2. Composition and Structure of Bacterial S-Layer Glycoproteins

2.1. Bacteria with S-Layer Glycosylation

Although no precise function could be attributed to bacterial S-layer glycoprotein glycans so far, an enormous biosynthesis effort is undertaken by various bacteria from different phylogenetic branches to glycosylate their S-layer proteins (see below). Thus, it is conceivable that glycosylation adds significantly to the potential functional spectrum of S-layer proteins [3, 12]. Besides Gram-positive bacteria and archaea, for which S-layer glycosylation has been confirmed by various research groups in the past, only recently there were first reports on Gram-negative bacteria possessing an S-layer glycoprotein layer; these are the pathogenic species Tannerella forsythia [19] and presumably Parabacteroides distasonis [20]. Linking S-layer protein glycosylation to pathogenicity is shedding new light into a potential in vivo function of S-layer glycans.

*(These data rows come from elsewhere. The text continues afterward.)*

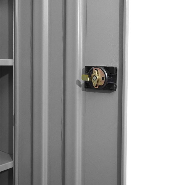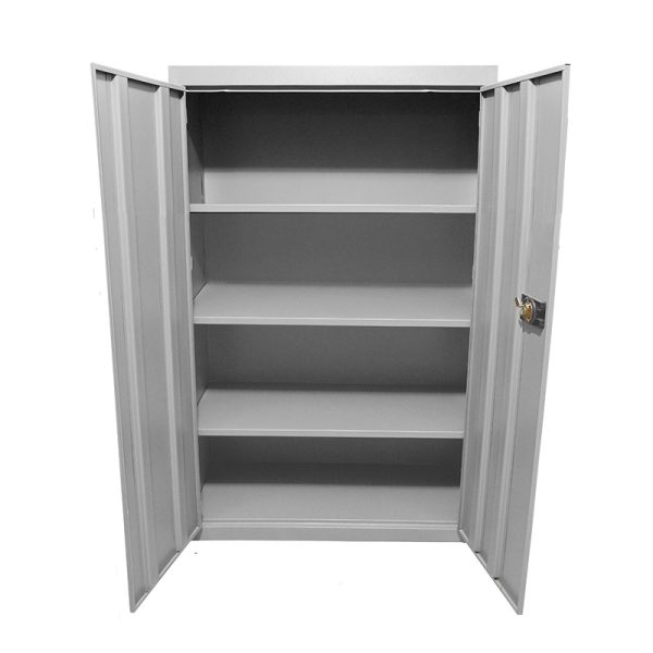 El cuerpo y las puertas son ensamblados mediante soldadura por resistencia. Cuenta con entrepaños fijos reforzados para mayor resistencia en cada división. Dos puertas abatibles, las puertas de los gabinetes se abren y cierran por medio de tres bisagras, cada puerta cuenta con 2 refuerzos verticales. Una puerta lleva su cerradura empotrada fabricada en plásticos ABS tipo paleta, incluye dos llaves y su estiradera.
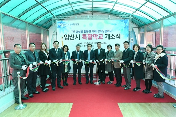 경남 양산시는 14일 신기초등학교에서 학부모, 학생 등 100여명이 모인 가운데 미래 창의융합교육 '양산시 특활학교' 개소식을 가졌다.
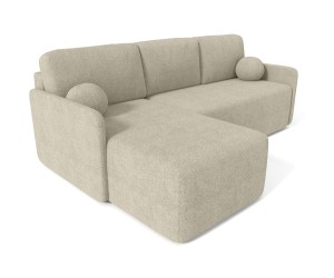 TRIVIO N9 ist ein einzigartiges Ecksofa mit subtil abgerundeter Linienführung im Stoff Abriamo Boucle. Dieses elegante Sofa wurde im Hinblick auf moderne Innenräume entworfen. Mit seiner minimalistischer Form und dezenter Ausführung bringt die Ecke visuell ästhetische Eindrücke in jedes Zuhause. Das Modell zeichnet sich nicht nur durch unübertroffene Bequemlichkeit, sondern auch durch hohe Funktionalität aus. Für einen hohen Komfort sorgt die Sitzfläche, die mit Federkern und Schaumstoff gefüllt wird. Das Möbel kann mit einer Schlaffläche 123 x 198 cm als Bett genutzt werden, da es mit einem Automat zum einfachen Ausklappen ausgestattet ist. Eine praktische Lösung bietet die Ecke mit einem Bettkasten, um Bettwässche oder Kissen ordentlich aufzubewahren. Ein zusätzliches Dekorationselement bilden bequeme Rückenkissen, die dem Möbel eine ansprechende Präsenz verleihen. Die Kissen verfügen über einen Reißverschluss, um den Bezug waschen zu können. Die Rückseite des Ecksofas ist gepolstert, deswegen kann es frei in der Mitte des Raumes aufgestellt werden.
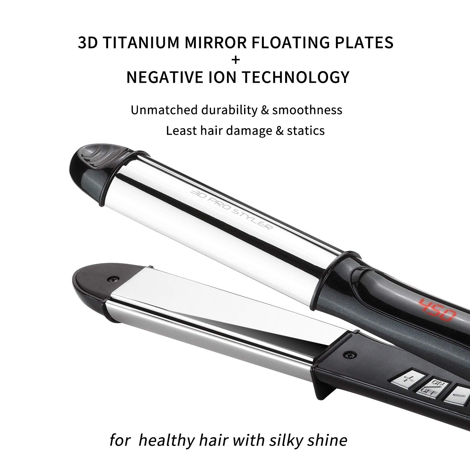 ABOUT THE PRODUCT: 1 > MULTI-FUNCTIONAL HAIR STYLING IRON This titanium straightening iron creates ultra smooth straight, wavy and bouncy hair styles easily with long-lasting results. Fit for thin, thick, fine, coarse hair long or short 2 > 3D TITANIUM MIRROR FLOATING PLATES Ultra smooth and highly durable for full contact with hair. Innovative semicircular edges. Least hair damage. Least statics. Smooth glides and even heat distribution for perfect hair styles with silky shine in just minutes 3 > ADJUSTABLE LED TEMP SETTINGS & HIDDEN POWER BUTTONS Precision temp control from 250°F to 450 °F with 20 °F increments change for each press for professional styling with minimal hair damage. Hidden power buttons to avoid accidental touch-offsMIRACOMB 3D PRO Nano Titanium Flat Iron, 2 in 1 Hair Straightener Curler with 1 Inch Floating Plates, 11 Temp Adjustments, Max 450 ° F, Auto Shut off, 18 Month Warranty (Package May Vary)
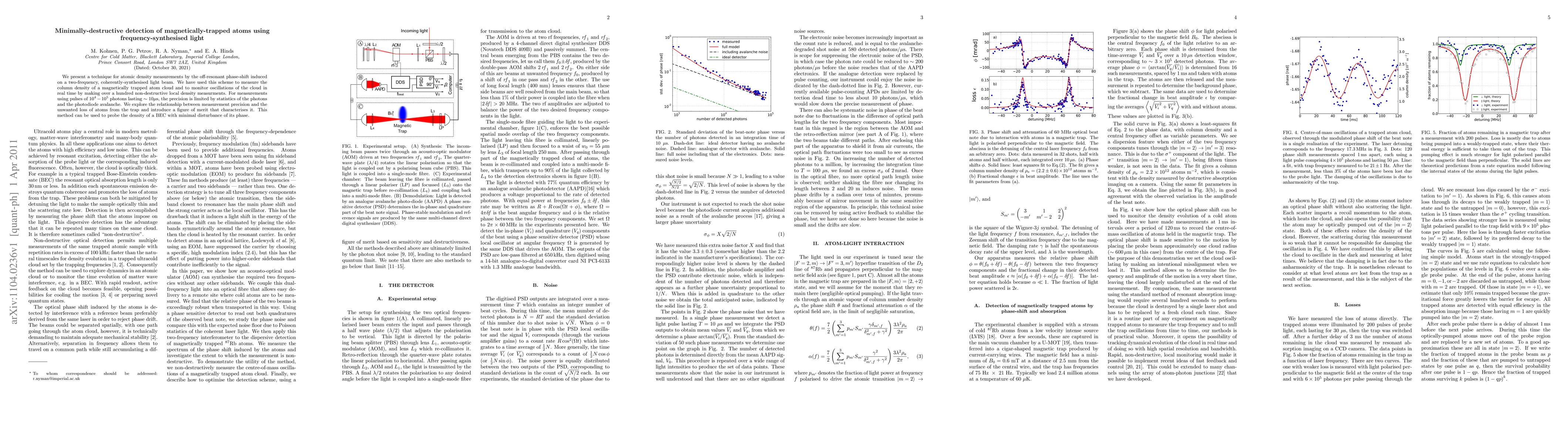 We present a technique for atomic density measurements by the off-resonant phase-shift induced on a two-frequency, coherently-synthesised light beam. We have used this scheme to measure the column density of a magnetically trapped atom cloud and to monitor oscillations of the cloud in real time by making over a hundred non-destructive local density measurments. For measurements using pulses of 10,000-100,000 photons lasting ~10 microsecond, the precision is limited by statistics of the photons and the photodiode avalanche. We explore the relationship between measurement precision and the unwanted loss of atoms from the trap and introduce a figure of merit that characterises it. This method can be used to probe the density of a BEC with minimal disturbance of its phase.
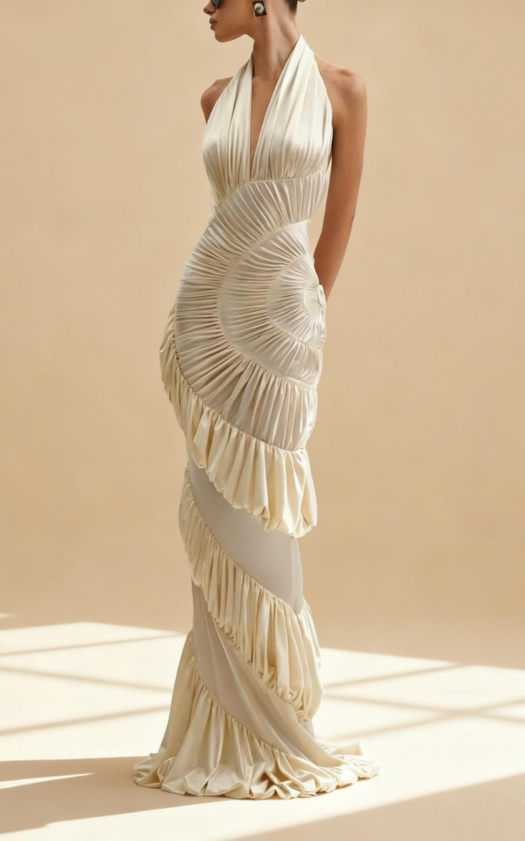 The Parker Apricot Halter Neck Ruffle Maxi Dress perfectly blends elegance with a modern touch. Its sleeveless design and V-neckline beautifully highlight the neck and shoulders. The open-back detail adds a hint of allure, while the asymmetrical ruffled hem flows gracefully, creating a light, airy movement as you walk. The halter neckline accentuates the shoulders, making this dress ideal for both romantic dates and formal occasions.
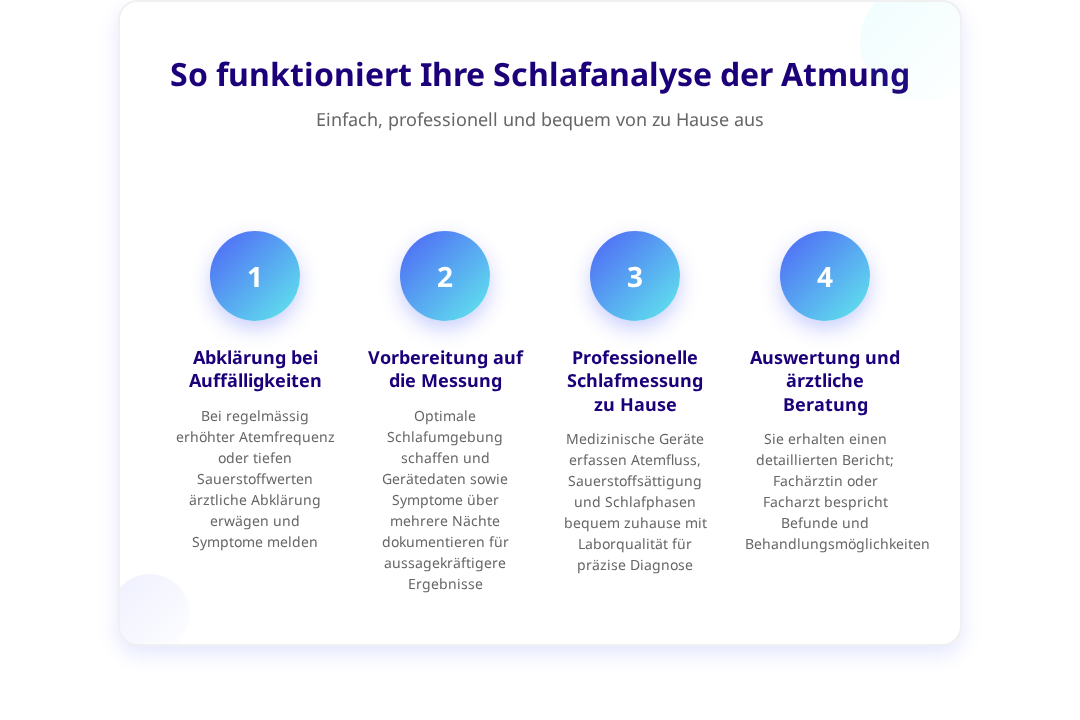 Nach der Messung erhalten Sie einen detaillierten schriftlichen Bericht, der nicht nur Ihre Atemfrequenz, sondern auch Sauerstoffsättigung, Schlafphasen und andere relevante Parameter analysiert. Bei Bedarf kann eine fachärztliche Auswertung und ein persönliches Arztgespräch die nächsten Schritte für eine optimale Behandlung klären.
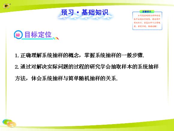 2013版高中数学全程学习夺冠方略配套课件:2.1.2系统抽样(苏教版必修3)
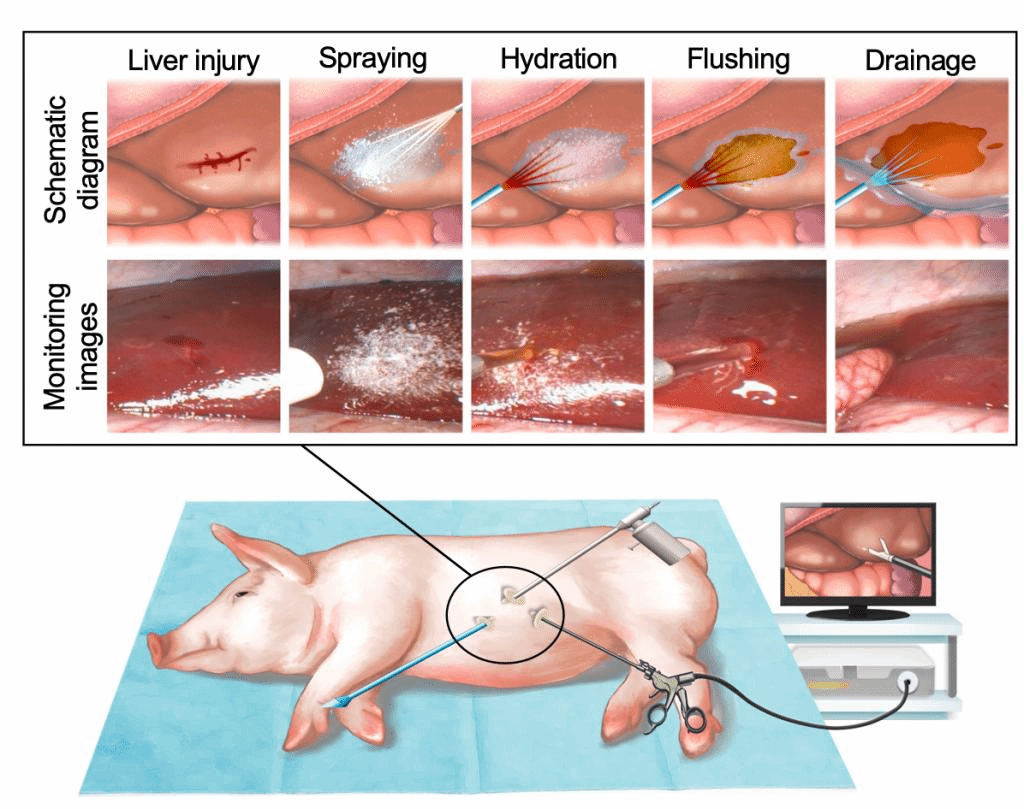 图2:FJG粉末在内窥镜辅助下的微创手术中递送的标准流程示意图及临床前猪的手术演示图像

About 15 different S-layer glycoprotein glycan structures have been fully or partially elucidated so far, and there are currently more than 25 further reports on glycan modifications of S-layer proteins according to biochemical evidence (Table 1). The degree of glycosylation of S-layer proteins generally varies between 1% and 10% (w/w).

From the accumulated data it is evident that S-layer protein glycosylation cannot serve as a criterion for taxonomic typing at the genus level. However, S-layer glycans are useful tools for typing strains. It is interesting to note that the S-layer glycans present in fresh isolates may change or even be lost after prolonged cultivation of the bacteria in rich synthetic growth media. This supports the assumption that S-layer glycans provide a selection advantage for the bacteria in the competitive natural habitat.

2.2. Structural Repertoire of Bacterial S-Layer Glycans

Prokaryotic organisms are capable of forming both S-layer protein attached N- and O-glycans. While the former have so far been exclusively found in the archaeal domain [2], bacterial S-layer O-glycans from various members of the Bacillaceae family have been quite extensively studied during the past two decades in our laboratory [3, 63, 64].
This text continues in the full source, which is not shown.